Background: Adrenal disorders is rare life-threatening conditions needed high awareness for earlier diagnosis. The aim of this study is to see the pattern and spectrum of adrenal disorders in Southern Iraq. Methods: Retrospective electronic database analysis of Faiha Specialized Diabetes, Endocrine and Metabolism Center (FDEMC) in Basrah, the largest tertiary referring Center in the Southern Iraq. Only adults 18 years and above analysed. Results: The total referred patients for presumed adrenal disorders were 5064(6%) of 83473 new patients seen over 11 years for the period of August 2008 to August 2019.The commonest adrenal disease were due to glucocorticoids misuse in 2407/5064 (47.5%),followed by adrenal endocrine hypertension in 883/5064 (17.4%),than adrenal insufficiency in 340/5064 (6.7%), hirsutism in 264/5064 (5.2%), hypopituitarism 85/5064 (1.6%) and congenital adrenal hyperplasia in 78/5064 (1.5%).Rare causes of adrenal disorder were primary aldosteronism in 30/5064 (0.5%), Addison disease in 26/5064 (0.5%), pheochromocytoma in 19/5064 (0.4%), autoimmune polyendocrine syndromes in 19/5064 (0.4%), ACTH independent Cushing syndrome in 17(0.3%), ACTH dependent Cushing syndrome in 4(0.07%), subclinical Cushing syndrome in 4(0.07%), ectopic ACTH syndrome in 1(0.01%), adrenal cyst in 9(0.1%), adrenal myelolipoma in 5(0.09%), adrenocortical carcinoma in 3(0.05%),and paraganglioma in 2(0.04%).One of the paraganglioma were secretory. Patients characteristics for those with glucocorticoids misuse showed that female forming the bulk of cases in 1708/2407 (70.9%), and mean age of 39.5±12.3 years. Urban constitutes 1306/2407 (54.3%),and 629/2407 (26.1%) were illiterates. There were 706/2407 (29.3%) with established type 2 diabetes mellitus(with all the risks of loss of glycemic control) and glucocorticoids misuse causes 105/2407 (4.3%) incident diabetes. Conclusion: Glucocorticoids misuse constituted the bulk of referral for adrenal disorders in Basrah. A lot of work needed to reduce the prevalence of this new high-risk iatrogenic disease.

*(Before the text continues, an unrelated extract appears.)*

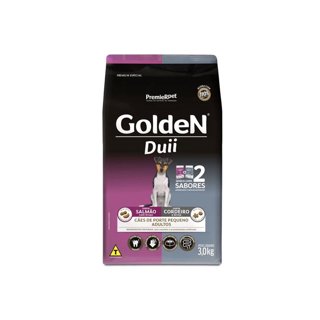 RAÇÃO GOLDEN CÃES ADULTOS DUII SALMÃO E CORDEIRO MINI BITS 3KG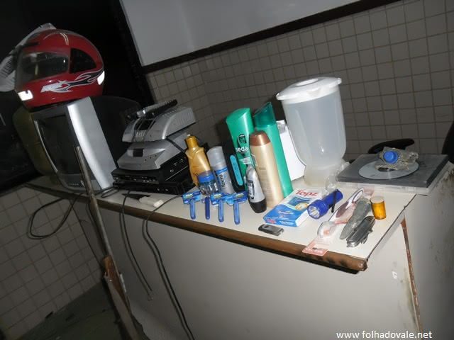 A polícia recuperou dois aparelhos de DVD, dois receptores de antena, shampoo, barbeadores, uma espingarda tipo chumbeira, um botijão de gás e diversos outros produtos.

MON-200 Clinical Characterizations of Aldosterone- and Cortisol-Producing Adrenal Tumors in Primary Aldosteronism

Objective: Aldosterone- and cortisol-producing adrenal tumors (A/CPTs) are considered to be a subtype of primary aldosteronism (PA). The clinical characterizations of these tumors are still unclear, and they are often neglected by clinicians. The aim of this study was to summarize the clinical characterizations of these tumors to reduce the missed diagnosis. Methods: The clinical, imaging and pathological data of patients with PA admitted to our hospital from January 1, 2013 to December 31, 2016 was reviewed. All the PA patients with a combination of a positive aldosterone-to-renin ratio (ARR) and a positive captopril challenge test (CCT), in whom the dexamethasone inhibition test was performed as well, were included in our study. These patients were divided into two groups, A/CPTs group and simple PA group, according to the function of cortisol secretion. The data of the two groups were compared and analyzed with SPSS 23.0. P<0.05 was statistically significant. Results: There were 87 patients with PA included in our study, 32 of whom (36.8%) were diagnosed with A/CPTs. In these 32 A/CPTs patients, 31 patients (96.9%) were combined with subclinical Cushing syndrome. Compared to these in simple PA group (n=55), the patients in A/CPTs group (n=32) were elder (53.81±10.70 ys vs 48.42±10.17 ys, P=0.022), with larger diameter of adrenal tumors (1.50cm vs 1.15cm, P=0.001), higher fasting plasma glucose (5.33mmo/L vs 4.99mmol/L, P=0.047), higher serum cortisol levels and lower serum ACTH levels (all P<0.05). 24 patients in A/CPTs group and 23 patients in simple PA group underwent adrenalectomy. 6 patients (25.0%) in A/CPTs group and 3 patients (13.0%) in simple PA group received glucocorticoid replacement therapy after adrenalectomy. Conclusions:The prevalence of A/CPTs in PA is high. The patients with A/CPTs are mainly combined with subclinical Cushing syndrome, and prone to need glucocorticoid replacement therapy. Therefore, we recommend that all patients with PA should evaluate the function of cortisol secretion, and all patients with A/CPTs should be followed up closely after adrenalectomy to reduce the morbidity of adrenal insufficiency.